Beneath this line are entries. Copy the range from the line with "Futuristic Digital Circuit" to the line with "beat365中文登录入口畜", ends included, exactly; leave pictures out.

[EXTRACTED MATERIAL]
§ §

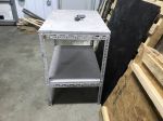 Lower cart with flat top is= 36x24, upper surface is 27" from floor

§ §

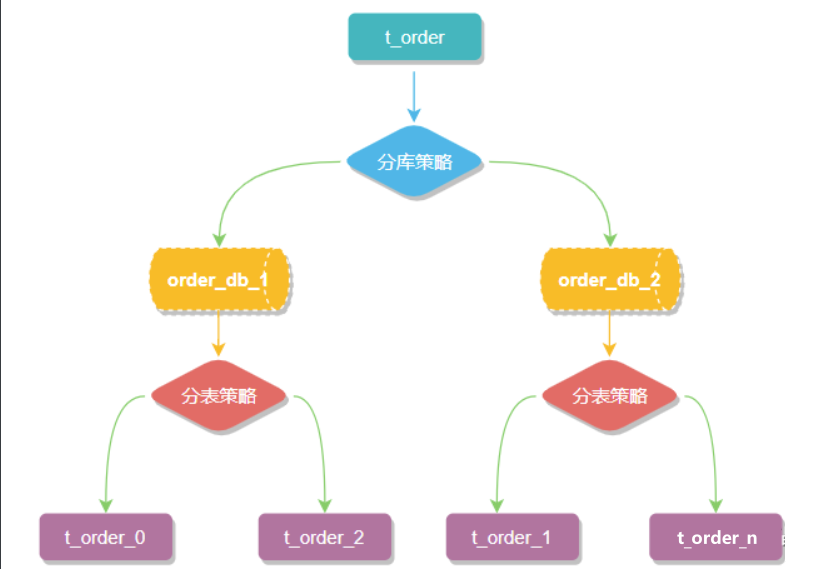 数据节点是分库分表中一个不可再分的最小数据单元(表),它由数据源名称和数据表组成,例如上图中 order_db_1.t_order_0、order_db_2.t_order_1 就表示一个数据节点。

§ §

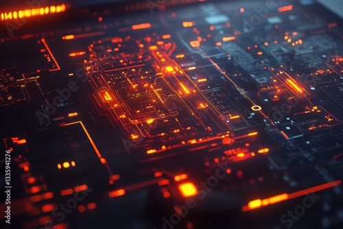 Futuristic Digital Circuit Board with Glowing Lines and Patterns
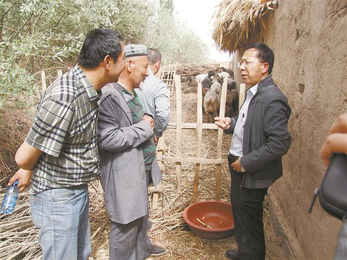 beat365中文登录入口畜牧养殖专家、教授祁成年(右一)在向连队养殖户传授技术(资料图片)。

§ §

[THE ANSWER]
 Futuristic Digital Circuit Board with Glowing Lines and Patterns
 beat365中文登录入口畜牧养殖专家、教授祁成年(右一)在向连队养殖户传授技术(资料图片)。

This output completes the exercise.